The other nuclear weapon states, and the non-weapon states, should authorize the IAEA to make public their additional protocol lists of facilities, and the detailed annual safeguards findings.

The government of Japan released The Status Report of Plutonium Management in Japan - 2016, which details its plutonium holdings. According to the report,

As of the end of 2016, the total amount of separated plutonium both managed within and outside of Japan was approximately 46.9 tons, approximately 9.8 tons of which was held domestically and the rest of approximately 37.1 tons was held abroad.

In 2015, Japan reported having a total of 47.9 tons of separated plutonium, of which 10.8 tons were held domestically.
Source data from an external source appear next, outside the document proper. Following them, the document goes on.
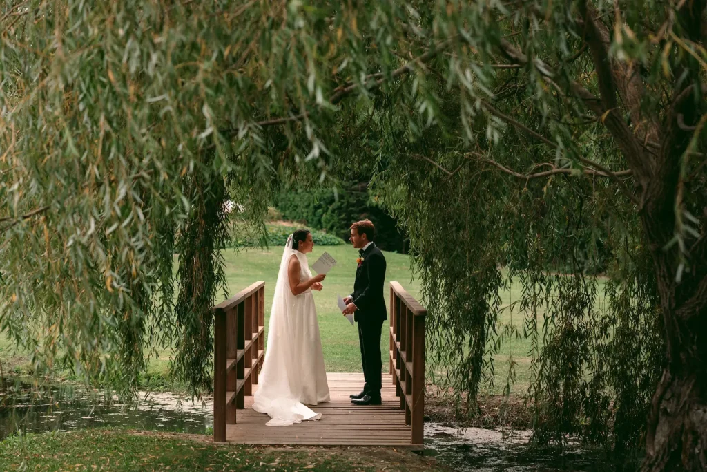 Malheureusement ce jour là nous n’avons pas pu diner en extérieur à cause de la météo. Cependant, la pluie nous a épargné tant qu’il faisait jour. Ainsi, nous avons pu profiter d’un long cocktail en extérieur, près du lac, où j’ai rpis le temps de faire beaucoup de photos avec le couple de jeunes mariés et les témoins. Les mariés souhaitaient également des souvenirs photos lorsqu’ils ont échangé leur voeux sous le saule pleureur qui domaine le lac. J’ai trouvé que le domaine du Grand Lauron offrait une atmosphère calme et apaisante pour célébrer un moment fort comme un mariage.
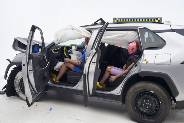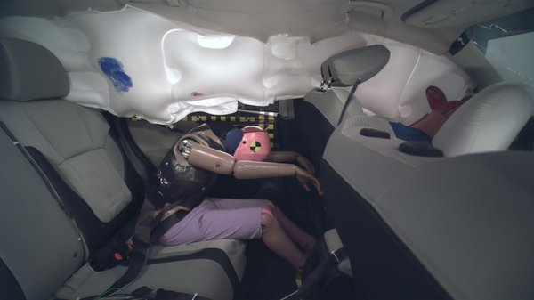 Az Escape és a XC-40-es hátsó ülésén utazó tesztbábut okosabb biztonsági öv védte, így nem érte túl nagy nyomás a mellkasát. Jól illeszkedett a vállához a biztonsági öv ferde része, így az nem csúszott be az öv alá. A vízszintes rész is végig a csípőn maradt a baleset során; a bábu nem ütötte be a fejét a vezető ülésébe. A RAV4-es annyiban teljesített rosszabbul, hogy a hátul ülő biztonsági öve felcsúszott a hasára, emellett a feje becsúszott a függönylékzsák és az ablak közé.
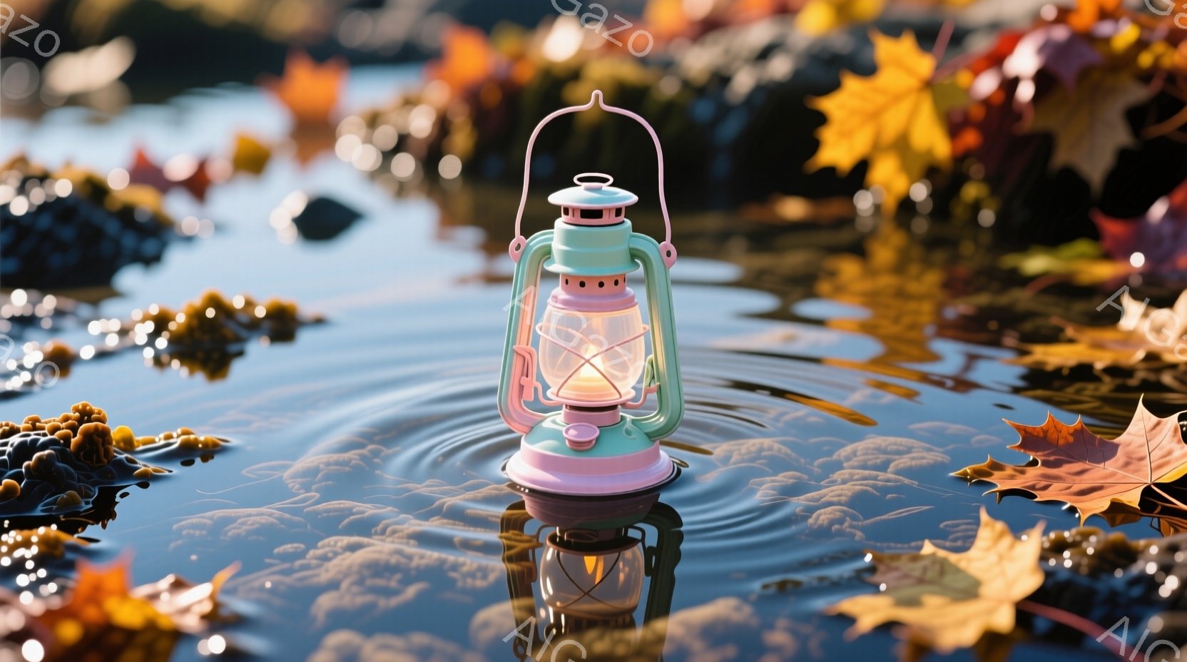 水面に浮かぶ、淡い水色の提灯が印象的な光景です。提灯の中にはピンク色のロウソクが灯り、水面に揺らめく光が穏やかな雰囲気を醸し出しています。周囲には赤や黄色の落ち葉が浮かび、秋の静けさと暖かさを感じさせる美しい情景です。
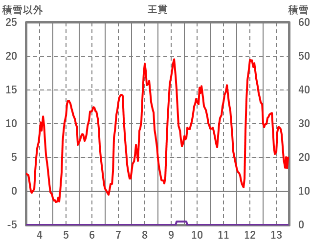 | 日 | 時 | 気温 | 降水 | 風向/風速 | 日照 | 積雪 | 降雪 |
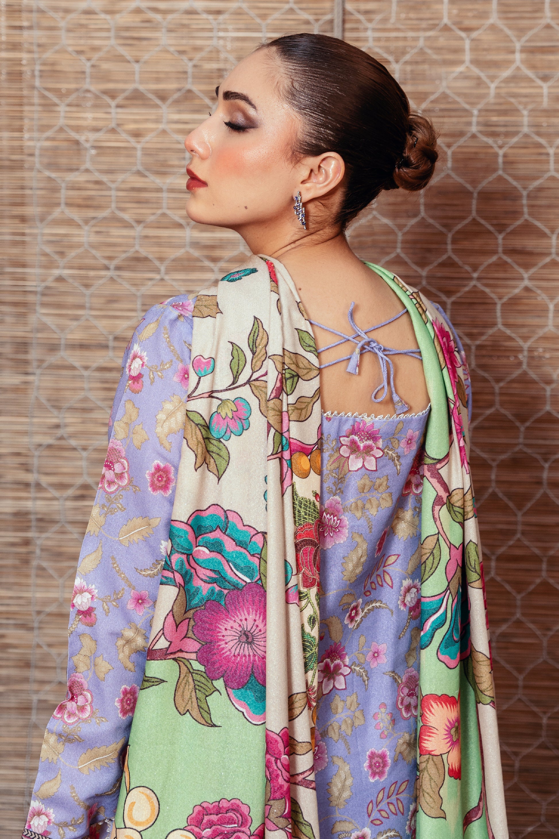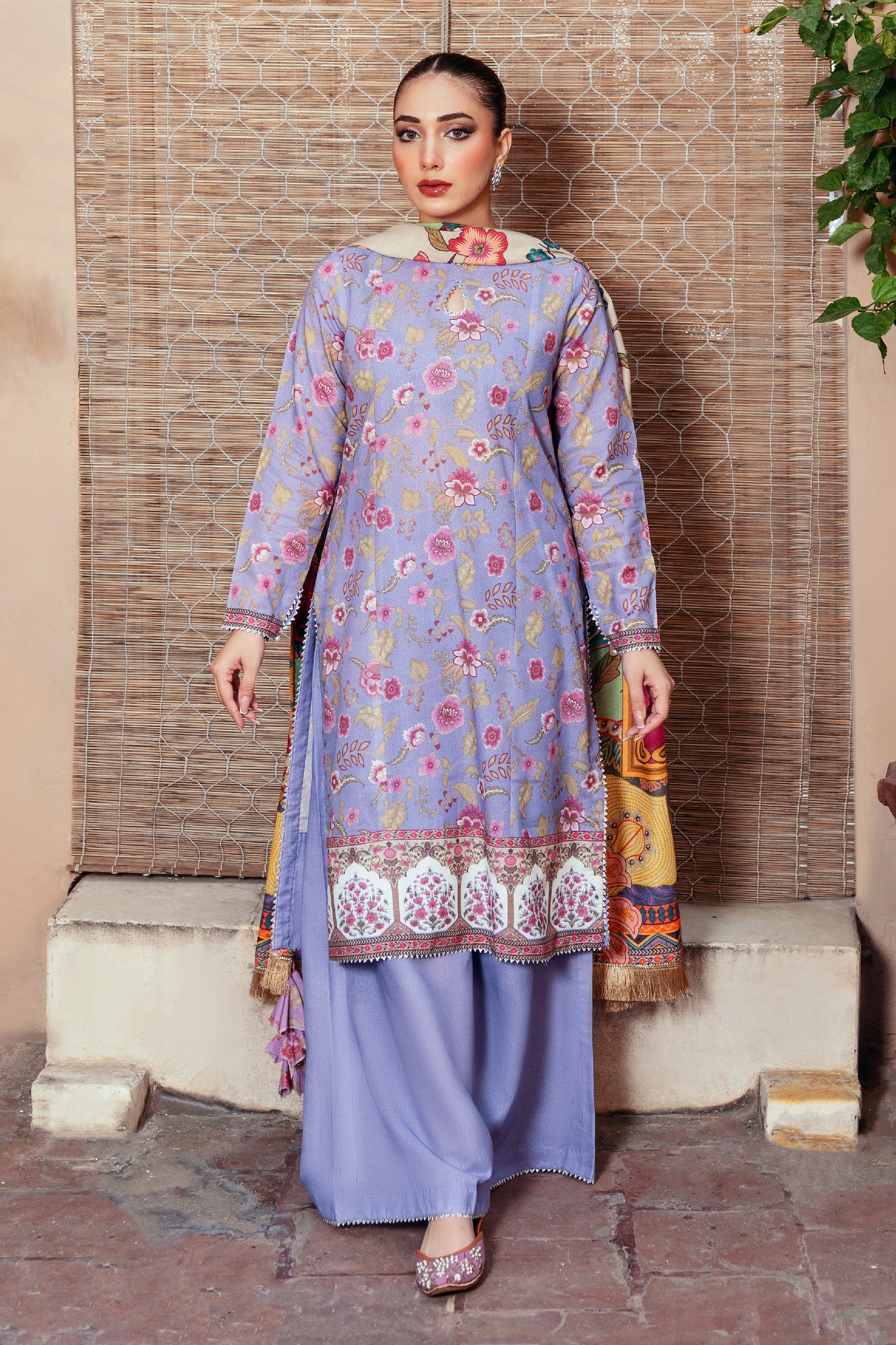 Experience the elegance of Laila. This three-piece unstitched Karandi suit includes a printed dupatta. The 2.85-meter shirt, 2.5-meter trouser, and 2.5-meter dupatta offer versatility for any occasion.

The change of the amount of plutonium held in Japan reflects several developments. First, 904 kg of plutonium taken off the balance is in MOX fuel that was loaded in two power reactors at the Takahama plant that began operations in 2016 - 720 kg in Unit 3 and 184 kg in Unit 4. Second, in March 2016 331 kg of plutonium was removed from the Fast Critical Assembly in JAERI Tokai Research Establishment and shipped to the United States. At the same time, the 2016 report accounts for 251 kg of plutonium that is contained in the fuel of Monju fast neutron reactor that has not been irradiated. This material was not included in previous reports.

The Tokai reprocessing plant is reported to have separated 244 kg of plutonium (compared to 308 kg in 2015). The plant in Rokkasho has not separated any plutonium.

Of the total of 37.1 tons of plutonium held abroad, 16.2 tons are in France and 20.8 tons - in the United Kingdom. According to the report, "reprocessing of spent fuel contracted out to France has been completed." Japan expects that the amount of plutonium held in the United Kingdom will increase by 1 ton by 2018.

On July 13, 2017 U.S. National Nuclear Security Administration in cooperation with the IAEA, China, and Ghana completed conversion of the GHARR-1 research reactor located at the National Nuclear Research Institute, Accra. GHARR-1 is the first Chinese-origin MNSR-type reactor outside China that was converted to LEU.

According to the NNSA press release, it is cooperating with Nigeria, China, and the IAEA to convert Nigeria's MNSR, NIRR-1 at the Ahmadu Bello University, Zaria, in 2018. Researchers from Pakistan, which operates an MNSR reactor PARR-2 at the Pakistan Institute of Nuclear Science and Technology (PINSTECH), Nilore, also observed the conversion work in Ghana.